ST. PETERSBURG, Fla. — For much of Wednesday night, the most interesting topic was whether Tyler Glasnow’s effective and efficient start would allow him to break the Rays’ five-plus year run without a complete game, the longest such drought in major-league history.
By the end it was how the Rays rallied to win 2-1 after blowing a 1-0 lead in the top of the ninth inning when reliever J.P. Feyereisen allowed a homer to Andrew Benintendi.
The Rays won it in the 10th when Manuel Margot singled in Kevin Kiermaier, who started the inning as the runner at second and moved to third on Taylor Walls’ deep flyout.

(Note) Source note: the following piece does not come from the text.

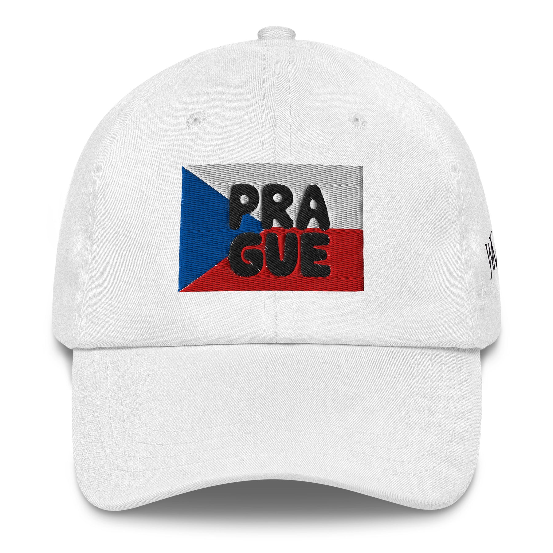 White classic cap with the word Prague embroidered over an embroidered flag of Czech Republic.

Glasnow did his part, shutting the Royals out for eight impressive innings, allowing three hits and striking out 11 while throwing 102 pitches,
Had he not thrown 22 pitches in the eighth, or had the Rays extended their lead, he might have had a chance to start the ninth. Instead, Rays manager Kevin Cash went to Feyereisen, the reliever acquired Friday from the Brewers, and he gave up a leadoff homer to Benintendi on a 2-2 pitch that tied the score.
The Rays have not thrown a complete game since Matt Andriese did so on May 14, 2016, the 725 games since the longest such drought in major league history.
Wednesday, Glasnow retired the first 13 Royals, not allowing his first baserunner until Kelvin Gutierrez singled with one out in the fifth. He gave up just two other hits, a single two batters later in the fifth to Adalberto Mondesi and a two-out single by Whit Merrifield in the eighth.
His performance was a significant improvement from his last outing Friday, when he allowed five runs to the Blue Jays on nine hits over 4 2/3 innings while striking out only two.
After scoring 95 runs over 11 consecutive wins, the Rays were held to one in their streak-ending loss Tuesday. And they didn’t do much Wednesday, rapping just four hits total.
They got on the board in the fourth, Mike Brosseau drawing a one-out walk off Royals lefty starter Mike Minor, moving to second on Joey Wendle’s rightside groundout and scoring on a single by Mike Zunino.
The Rays played some great defense.
Brett Phillips made the first noteworthy play. Starting ahead of Kiermaier in center, and playing just like him, Phillips raced back and to his right to haul in a Benintendi drive to end the first. (Kiermaier made two spectacular catches Tuesday, both on balls hit by Benintendi.)
Third baseman Brosseau was next, diving to his left to make a stop, then a throw, on a Salvador Perez shot that opened the second.
Shortstop Joey Wendle crossed over behind second to grab a ball hit by speedy Jarrod Dyson, then bounced a throw that first baseman Yandy Diaz stretched and scooped.